Следующее, что заставляло его чувствовать себя плохо, были сны. В последние дни путешествия с Хико-сан ему было достаточно просто свернуться в одеяле, чтобы заснуть. Но теперь, с медленным темпом, он недостаточно уставал к концу дня, так что ему вспоминались плохие события, и он продолжал видеть их во сне. Он часто просыпался середине ночи, тяжело дыша, слезы жгли глаза, и чувствовал себя очень, очень страшно. Он снова видел темные умоляющие глаза Касуми, ее мягкий рот, похожий на материнский, и меч, пронзивший ее горло.
Он все время сжимал ее волчок в руках в надежде, что он отгонит плохие сны. Это не сильно помогало.

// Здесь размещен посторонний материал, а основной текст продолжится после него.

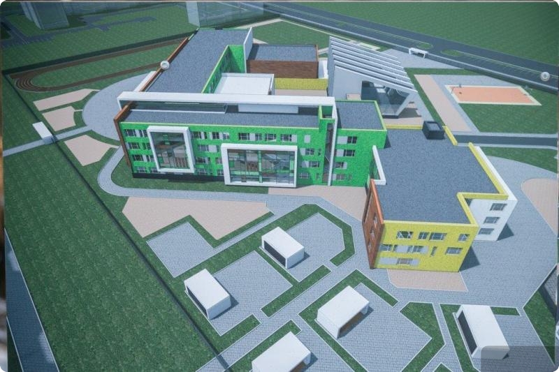 Образовательный комплекс будет включать школу на 825 мест, детский сад на 200 мест и бассейн. Строительство, по планам, должно завершиться в 2021 году.

На четвертый день они достигли пропускного пункта на границе провинции. Мальчик видел пару таких, когда шел с караваном рабов, но по какой-то причине ему было страшнее сейчас, только с Хико-сан и старым торговцем Асано. Самурай, охранявший пограничный пост, задал плохому старику Асано и Хико-сану несколько вопросов, но то, как он говорил, было настолько странным, что было действительно трудно его понять. Говорил он еще хуже, чем Хико-сан, со всеми этими трудными словами и извращенным способом описывать обычные вещи…
Так что неудивительно, что смысл слов ускользнул от мальчика, и он отвлекся, уловив только самый конец речи Хико: – …Я ронин. Мальчик, Кеншин, со мной…
Кеншин? Кто это? Меня зовут…
… слишком мягкое, теперь тебя будут…
Ой.
Он почти забыл, что Хико-сан дал ему новое имя. Его, правда, никто не использовал. Для Хико-сан он всегда был просто «мальчик». И никто другой не говорил с ним, как в деревне на перекрестке, в Токояме. Продавцы и другие люди говорили о нем так, будто его и не было. Хуже того, некоторые были совсем как злой старик Асано и называли его плохими словами.
Мальчик на самом деле не знал, что думать об именах. Имело смысл то, что места имели имена, чтобы легче было найти их, как Хико-сан сказал ему. Но какой смысл давать имена детям? Еще раньше, когда он был Шинтой, никто не называл его так. Ну, никто, кроме матери. Для братьев он был «плакса» или «крошка», отец называл его «сын» или время от времени, когда был недоволен – «мальчик», но и тогда говорил это мягко. Не то чтобы он не мог вспомнить любой конкретный момент, но почему-то все было как в тумане. Но так было, он абсолютно в этом уверен. Мальчик нахмурился. Почему я не могу больше вспомнить?
В любом случае, даже для Касуми он всегда был «Шинта-чан».
Хммм… возможно, имена нужны не только матери, чтобы называть вас?
Нет, это неправильно.
Хико-сан был Хико-сан, и старую Ине-сама тоже называли ее собственным именем. И старика Асано, и страшного человека Хидео. Так что это вещь для взрослых? Если ты взрослый человек, то можешь назвать свое имя другим, и они будут уважать это – а не выдумывать сами?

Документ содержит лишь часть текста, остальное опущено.